Democrats on the Senate Judiciary Committee have complained that they are being pressed to act on judicial nominations -- which are coming at a fast rate -- and have resolved to slow down the process. There is nothing wrong with that if the committee members believe they need more time to do a responsible job. Certainly, it is not in the interests of the president's party to appear to be hustling unqualified candidates through the review.

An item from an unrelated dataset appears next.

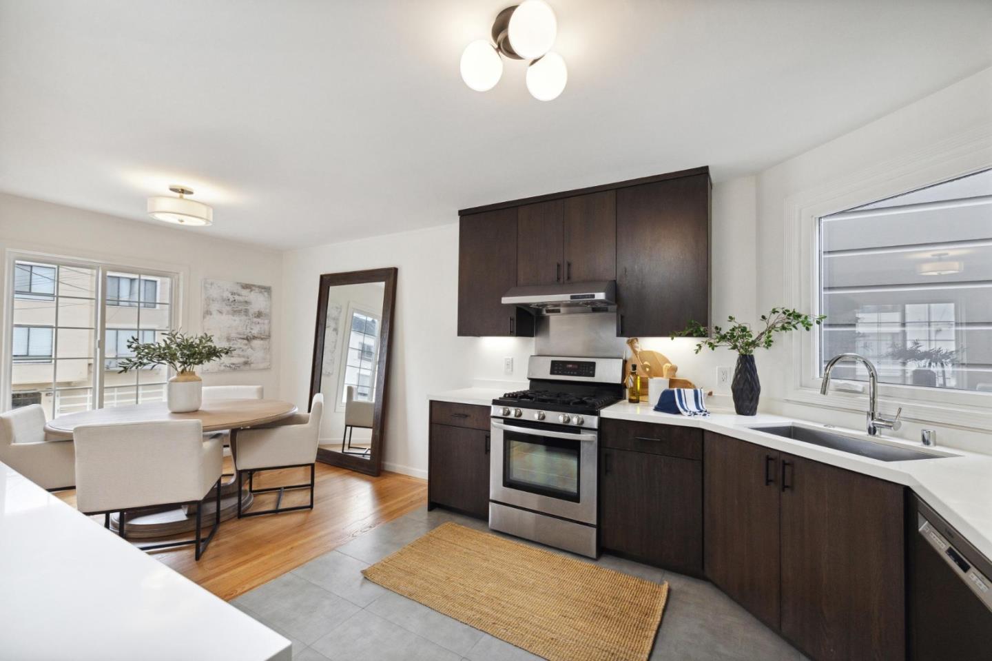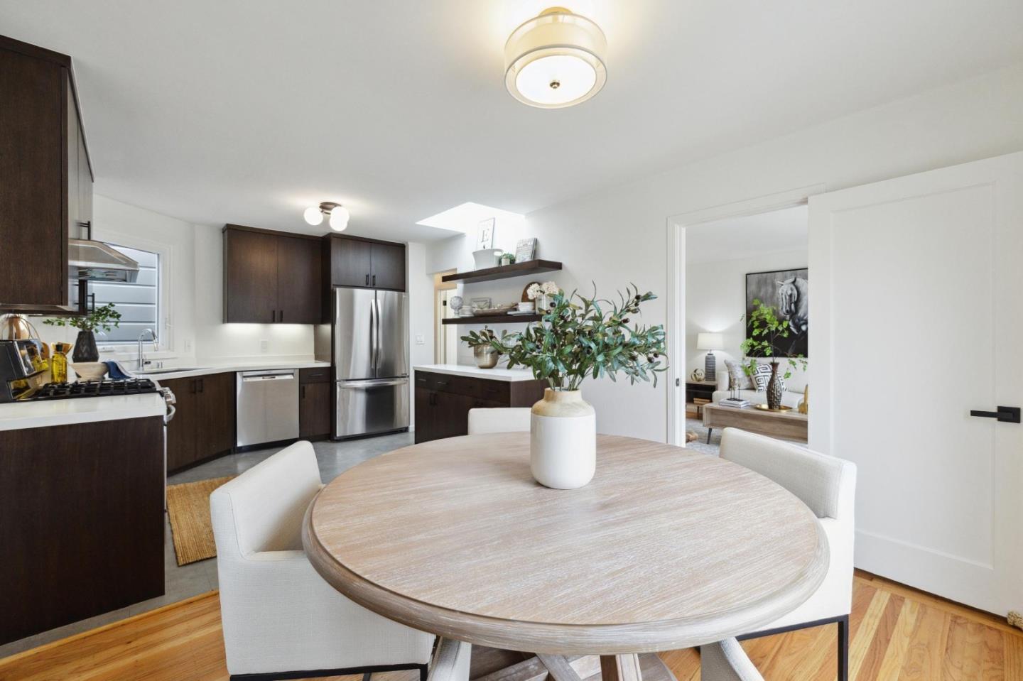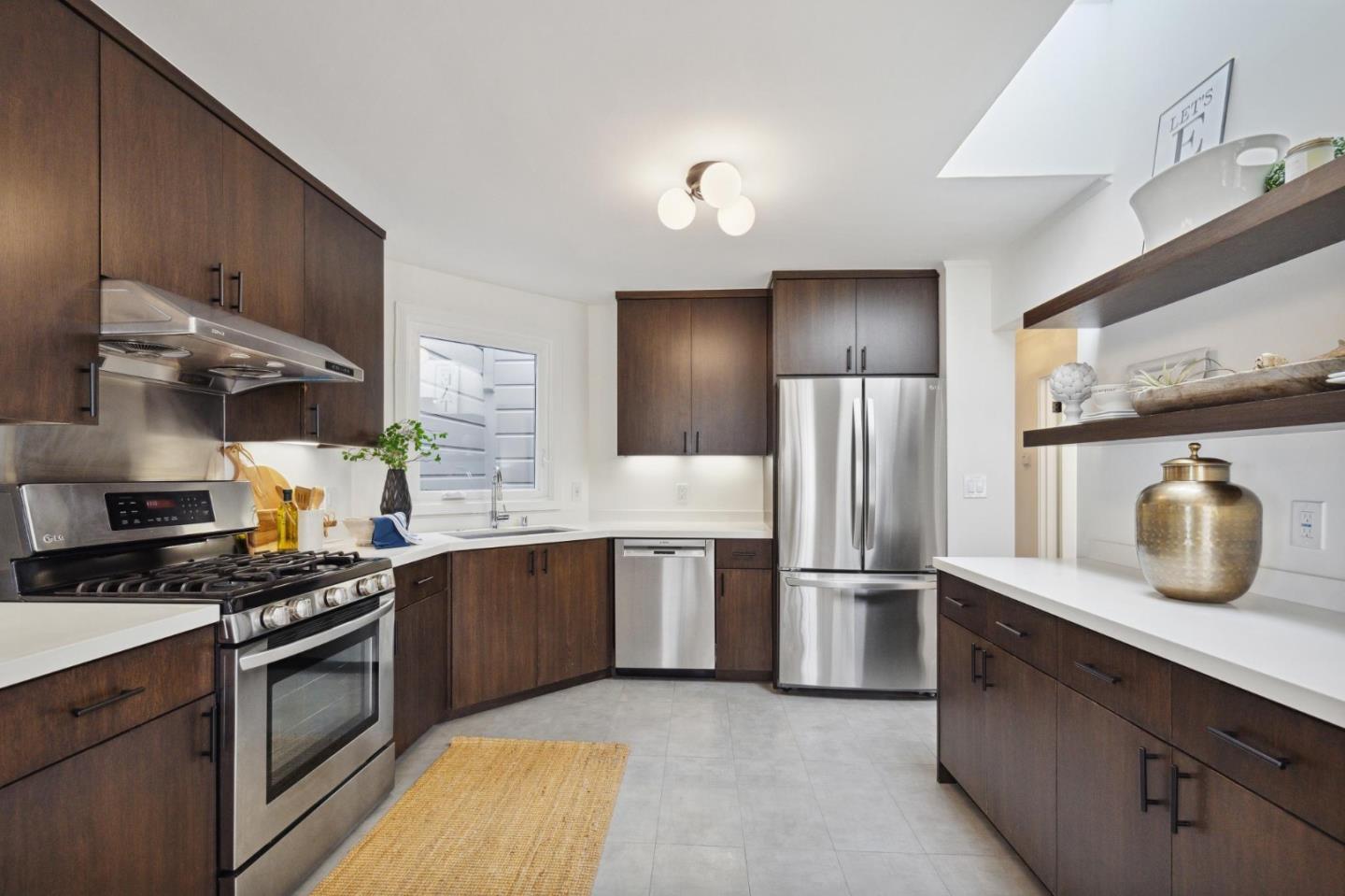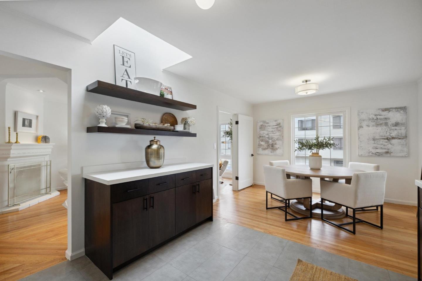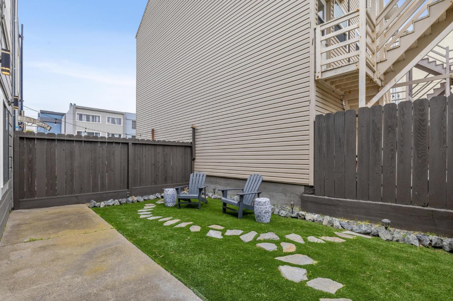 In the low-key Outer Sunset near cafes, restaurants, markets and public transit, and a couple of blocks from Golden Gate Park and Ocean Beach, this 3BD, 2.5BA home zoned RH2 has tasteful modern updates mixed with original architectural distinctions. With 2 bedrooms, 1.5 bathrooms and public rooms on the upper level, and versatile two-room suite with full bath and kitchenette on the lower level, the home presents creative possibilities. Home attributes include the updated full kitchen and bathrooms, skylights, recessed lighting, new light fixtures, refinished oak floors, quartz and porcelain tile finishes, dual-pane windows and freshly painted interior and exterior. The layout features a bright and spacious living room with distinctive fireplace, stylish sky-lit kitchen with ample cabinetry and stainless steel appliances, sky-lit bathrooms with streamlined elegance, bedrooms overlooking the back yard and a one-car garage with washer, dryer and access to the low-maintenance back yard.
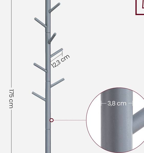 [Massivholz & langlebig] Dieser Garderobenständer ist aus 3,8 cm starkem Massivholz gefertigt. Das macht ihn robust und garantiert eine lange Lebensdauer; außerdem verleiht die graue Farbe Ihrem Zuhause einen frischen Touch

Keep in mind, though, that the confirmation procinting a judge, and consideration of a nominee's qualifications begins many months before his name reaches the Senate. District judges, for example, are by tradition chosen by home-state senators, and none would be nominated over the strong opposition of those legislators. The FBI conducts full field investigations; the American Bar Association evaluates a nominee's professional qualifications; interest groups on the right and the left grade a candidate and make their views known at every stage.
During his first term, President Reagan's judicial nominees ran into little trouble. They were generally conservative and more white, male and wealthy than the judges appointed by his predecessor; they were also, on the whole, regarded as qualified and fair-minded. Ninety percent of the appeals court nominees had been judges or law professors. Not one was rejected by the Senate. This year, conservative ideologues -- who have already succeeded in blocking the nomination of three moderates -- are putting pressure on the administration to appoint like-minded jurists, and Senate Democrats understandably see the need to exercise careful review.
The president has the right to choose judges with whom he is philosophically compatible, and they should not be denied confirmation for this reason. But the Senate has the responsibility to reject nominees who are unqualified, dishonest or ideologically so extreme as to be unable to apply the laws and the constitution fairly. If the conscientious exercise of this responsibility takes time, so be it.